Пешков стал на мою сторону, что меня окрылило, и я продолжал:

— Допускаю: мы своими руками перетащим лодку через горы. Сколько времени займет этот геркулесовский подвиг — это я опускаю. Словом, лодка наша спущена у Переволоки в Волгу. И нам после того до Самары идти против воды еще верст восемьдесят…

— Сильно преувеличено… Почти вдвое, — поправил меня Алексей Максимович.

— Пусть так. Но нам угрожает голод. Я был уверен, что наше довольствие в верных руках. Однако половину колбасы наша хозяйка скормила коту. Остальное кот опоганил. Я вижу, что Абзац уже доедает свою булку… Каковы же наши ресурсы? Завтра мы еще будем хлебать прекрасную уху из ершей нынешнего улова. Котелок у нас есть. Но согласитесь, что трех арбузов («Мы их съедим и не заметим», — вставил Пешков), десятка воблы и что осталось хлеба, при наличности в сорок семь копеек, — мало! Мы не можем продолжать кругосветку!

— Все? — глядя на меня горящими глазами, выдохнула Маша.

— Все! — подтвердил я. — Чего же больше?

— Пусть Батёк скажет. Вот! — Маша указала на Батька.

Тот сидел, погруженный в глубокую думу.

— Подбросьте в костер дров! — приказал Пешков. — Чтобы ярче пылал огонь! Осветим полным светом лицо нашего юбиляра!..

Огонь весело запылал, раздуваемый ветром.

— Ну, Петя… — поощрил Батька Алексей Максимович.

Батёк обвел всех сумрачным взором.

— В таком разе… — начал он, — ежели говорить напрямки… Или, например…

— Строго говоря, — подсказал Абзац.

— Строго говоря, — повторил Батёк, — ну, чего тут рассусоливать? Едем!..

— Куда едем? — воскликнул я, указывая левой Рукой вверх по Волге, к Жигулям, а правой — вниз, к Самаре.

— Куда, куда? — рассердился Батёк. — Куда ехали, туда и поедем.
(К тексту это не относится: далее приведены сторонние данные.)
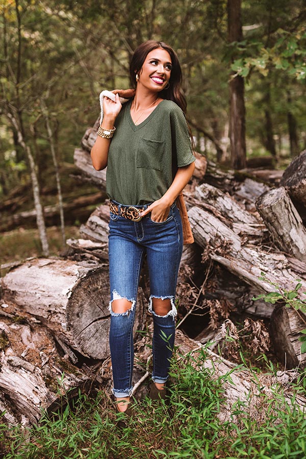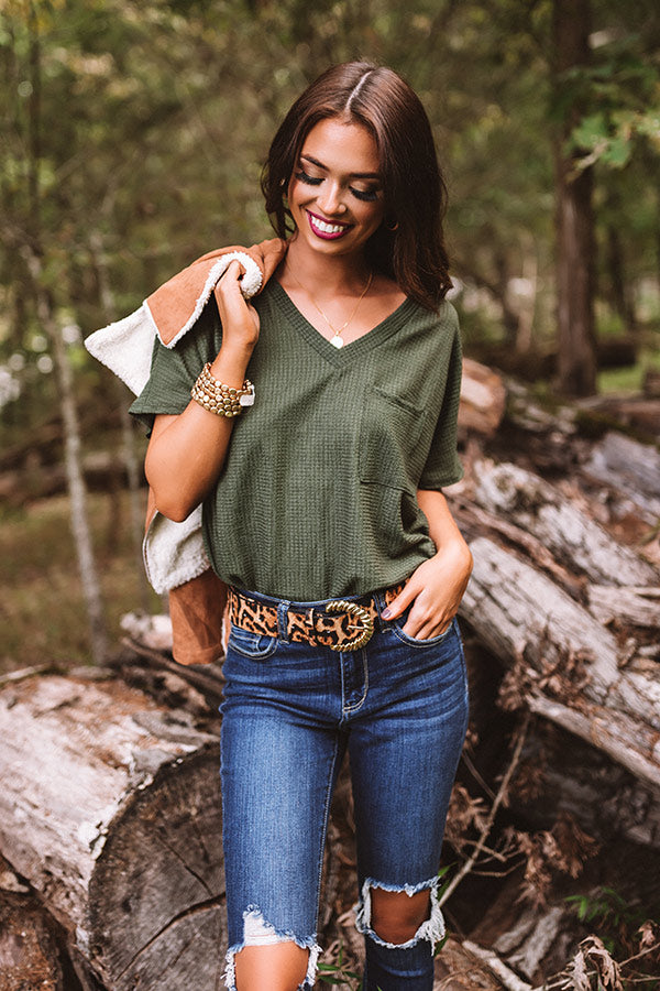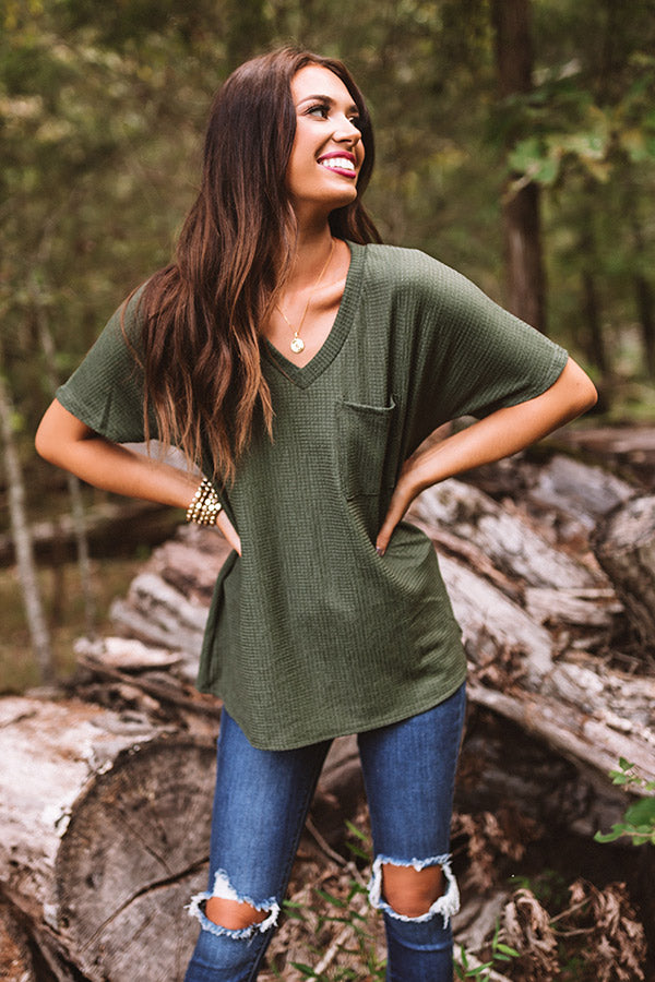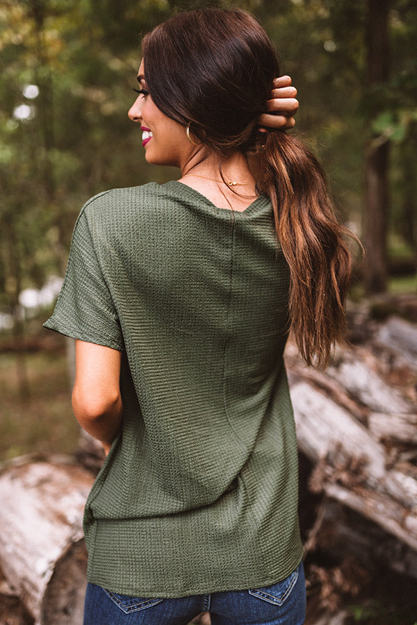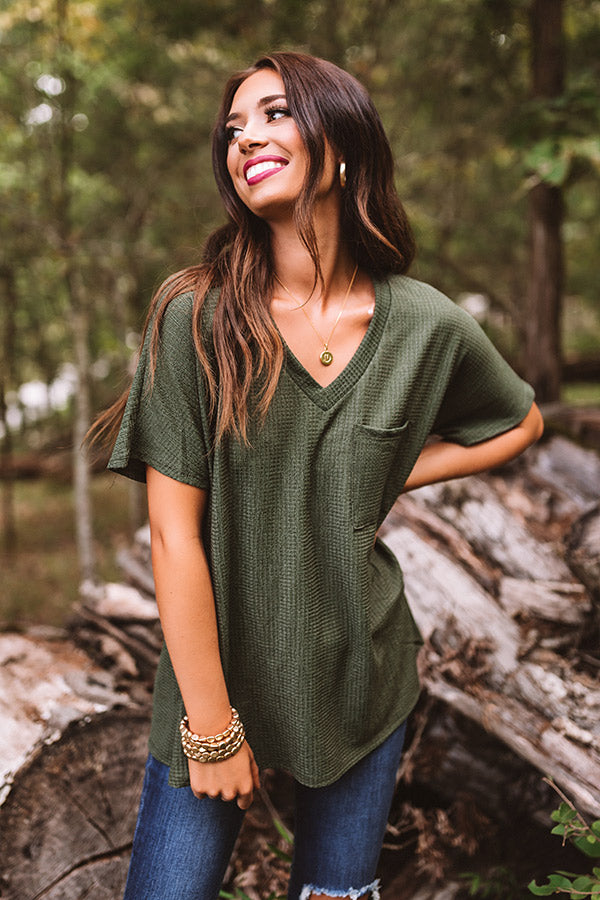 May all your wishes come true in this casual cute olive colored shift top featuring soft lightweight material with subtle waffle knit texturing, a v-cut neckline, short loose sleeves, a single accent chest pocket, and a relaxed silhouette that falls into a rounded hemline! Measurements

Общий гул голосов показал, что Батёк сформулировал общее желание: оно осталось неизменным. Пешков, смеясь, толкнул меня в бок:

— На чем мы с тобой попались!.. А?..

Мусор, оставляемый человеком на его временных стоянках, мне всегда был противен, хотя на подобных остатках основана чуть ли не целая наука. В своих прогулках с ребятами мы установили правило: покидая стан, убирать за собой. Все, что можно сжечь, мы в последние минуты сжигали. Это Алексей Максимович называл «часом всесожжения».

Ребята собрались в дорогу быстро. В костре весело догорали клочки бумаги, освещая сборы.

Маша, видя, что Алексей Максимович не встает с места, любезно предложила ему:

— Хотите еще чаю? А то я чайник выполощу!

— Выпил бы. С удовольствием и с лимоном.

— Ах, милые мои, где ж лимон?

— Лимон мы купили!

— Лимон был, — подтвердил Вася Шихобалов. — Я еще дяде Сереже говорил: «Пешков любит пить чай с лимоном».

— Я сейчас, — метнулась Маша, но Пешков ее остановил:

— Нет! Это очень хорошо, что ты забыла про лимон. Мы едем на север. Нам угрожает голод… Цинга — спутник голода. Лимон — лучшее средство против цинги… Уж вы мне поверьте — это так!

— Она забыла про лимон?.. Забыла про лимон!.. Неужели она про лимон забыла? — слышались голоса притворного удивления.

На Машу указывали пальцами. Все мы, каждый по-своему, уже в чем-то провинились, она одна до сей поры ускользала от общей участи. Наконец-то и она попалась!..

— Забыла про лимон? — Я покачал головой с укоризной.

Маша сконфузилась не более чем на полминуты и с женской ловкостью отвлекла разговор от лимона:

— Колбасы у нас осталось все равно немного, я вам разделю всем по кусочку.

От колбасы, хотя кот ее опоганил, отъев пупочек, где привязана пломба «Братья Беловы, Москва», отказаться ни у кого не хватило мужества.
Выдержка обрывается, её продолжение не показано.